::: SUPPLIED RECORDS

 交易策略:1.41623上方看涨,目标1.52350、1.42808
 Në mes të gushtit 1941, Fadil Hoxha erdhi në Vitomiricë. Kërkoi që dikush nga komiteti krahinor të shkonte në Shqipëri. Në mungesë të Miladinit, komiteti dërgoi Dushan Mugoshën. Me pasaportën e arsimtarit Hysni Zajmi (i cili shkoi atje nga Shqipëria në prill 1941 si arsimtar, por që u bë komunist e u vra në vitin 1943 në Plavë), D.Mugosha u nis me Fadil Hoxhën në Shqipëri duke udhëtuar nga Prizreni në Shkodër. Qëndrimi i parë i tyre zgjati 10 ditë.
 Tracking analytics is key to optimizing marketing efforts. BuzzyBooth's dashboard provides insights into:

::::::
::: SUPPLIED RECORDS

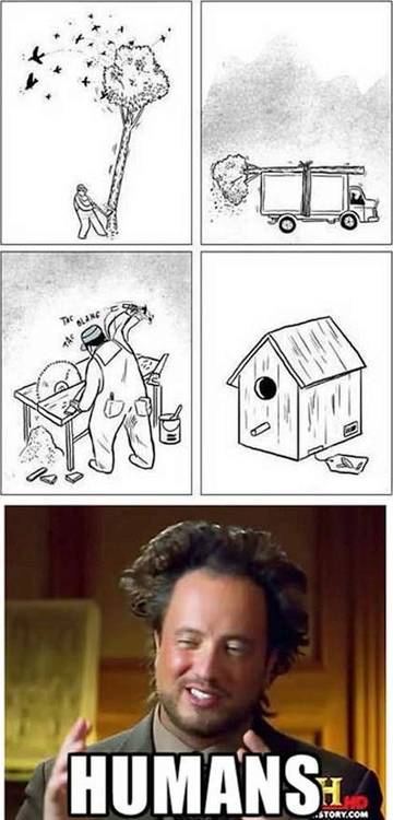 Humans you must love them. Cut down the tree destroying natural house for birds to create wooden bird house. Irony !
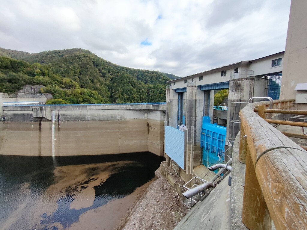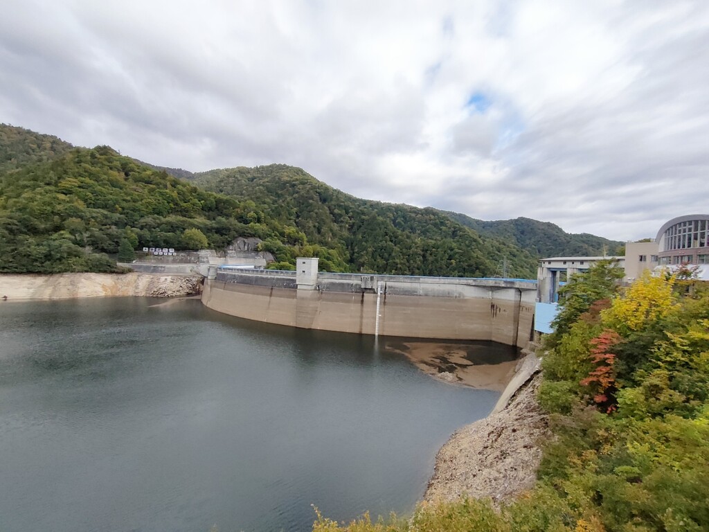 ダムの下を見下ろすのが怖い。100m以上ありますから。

::::::

Within the material above, extract exactly the lines that start at the line containing "交易策略:1.41623上方看涨,目标1.52350、1.42808" and stop after the line containing "Tracking analytics is", and only those.

ANSWER SPACE
 交易策略:1.41623上方看涨,目标1.52350、1.42808
 Në mes të gushtit 1941, Fadil Hoxha erdhi në Vitomiricë. Kërkoi që dikush nga komiteti krahinor të shkonte në Shqipëri. Në mungesë të Miladinit, komiteti dërgoi Dushan Mugoshën. Me pasaportën e arsimtarit Hysni Zajmi (i cili shkoi atje nga Shqipëria në prill 1941 si arsimtar, por që u bë komunist e u vra në vitin 1943 në Plavë), D.Mugosha u nis me Fadil Hoxhën në Shqipëri duke udhëtuar nga Prizreni në Shkodër. Qëndrimi i parë i tyre zgjati 10 ditë.
 Tracking analytics is key to optimizing marketing efforts. BuzzyBooth's dashboard provides insights into:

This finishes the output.